Il s’agit donc pour le pou­voir exé­cu­tif de refu­ser sa sou­mis­sion au Légis­la­tif, ce qu’a expli­ci­te­ment défen­du le ministre de l’Intérieur fran­çais, Bru­no Retailleau, en décla­rant que l’État de droit n’était ni intan­gible ni sacré… Il faut recon­naitre qu’il n’est qu’une conquête poli­tique majeure du libé­ra­lisme poli­tique, et une condi­tion néces­saire – bien que non suf­fi­sante – de l’existence même de la démo­cra­tie. Excu­sez du peu. En un mot comme en cent, pour régner sans contrainte, un membre de l’Exécutif pro­pose d’inverser le pro­ces­sus de démo­cra­ti­sa­tion à l’œuvre en Europe occi­den­tale depuis plus de deux siècles.

En Bel­gique, bien enten­du, per­sonne ne se risque à faire des décla­ra­tions de ce type. Le pou­voir y est plus prag­ma­tique que théo­rique et l’on ne songe pas à y invo­quer l’État de droit. Ain­si, quand Nicole de Moor décide de ne plus accueillir dans le réseau Feda­sil les hommes iso­lés deman­deurs d’asile, elle refuse de res­pec­ter les normes qu’elle est char­gée de mettre en œuvre, en tant que secré­taire d’État à l’asile et à la migra­tion. Alors que sa mis­sion, en tant que membre de l’Exécutif, est de faire appli­quer le droit, elle pré­fère en rendre le res­pect impos­sible – volon­tai­re­ment ou par incom­pé­tence –, renon­cer au prin­cipe de l’égalité et igno­rer des cen­taines de condam­na­tions judi­ciaires consta­tant l’illégalité de son action. Ce n’est là ni plus ni moins que, pour l’Exécutif, cher­cher à se rendre indé­pen­dant des pou­voirs légis­la­tif et judiciaire.

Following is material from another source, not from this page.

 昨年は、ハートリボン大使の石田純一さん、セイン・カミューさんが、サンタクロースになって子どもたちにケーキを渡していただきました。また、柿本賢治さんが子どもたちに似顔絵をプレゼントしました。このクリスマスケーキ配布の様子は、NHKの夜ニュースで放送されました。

Tout cela sus­cite bien quelques pro­tes­ta­tions, mais, dans l’ensemble, per­sonne ne s’émeut à la mesure de ce qui est à l’œuvre : le déman­tè­le­ment de l’État de droit et de l’équilibre des pou­voirs qui le rend pos­sible. Ce qui se met en place à bas bruit, c’est le pro­gramme de l’extrême droite, désor­mais ani­mé d’une vie propre et affran­chi des fas­cistes qui l’ont long­temps por­té, seuls contre tous.

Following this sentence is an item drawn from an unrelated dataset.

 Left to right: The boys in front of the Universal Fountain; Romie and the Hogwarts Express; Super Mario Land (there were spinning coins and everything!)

Ce qui se donne à voir éga­le­ment, c’est la fra­gi­li­té de notre culture démo­cra­tique, quand ni les citoyens ni la presse ne sont capables de mettre les mots justes sur ce qui se passe sous nos yeux : la sor­tie de la démo­cra­tie. Car, ne nous y trom­pons pas, ce qui rend un État (et une socié­té) démo­cra­tiques, c’est leur ten­sion vers davan­tage de démo­cra­tie. La démo­cra­tie n’est pas un état que l’on peut atteindre, elle est une aspi­ra­tion jamais satis­faite, comme la liber­té, l’égalité ou la jus­tice. Dès lors que l’on cesse de pro­gres­ser vers elle, on cesse d’être démo­crate. Car en se conten­tant d’une situa­tion impar­faite, on admet que cer­taines et cer­tains demeu­re­ront exclus de la démo­cra­tie, on renonce à reven­di­quer plus de droits pour nos sem­blables. On ne peut dès lors plus se pré­tendre démocrate.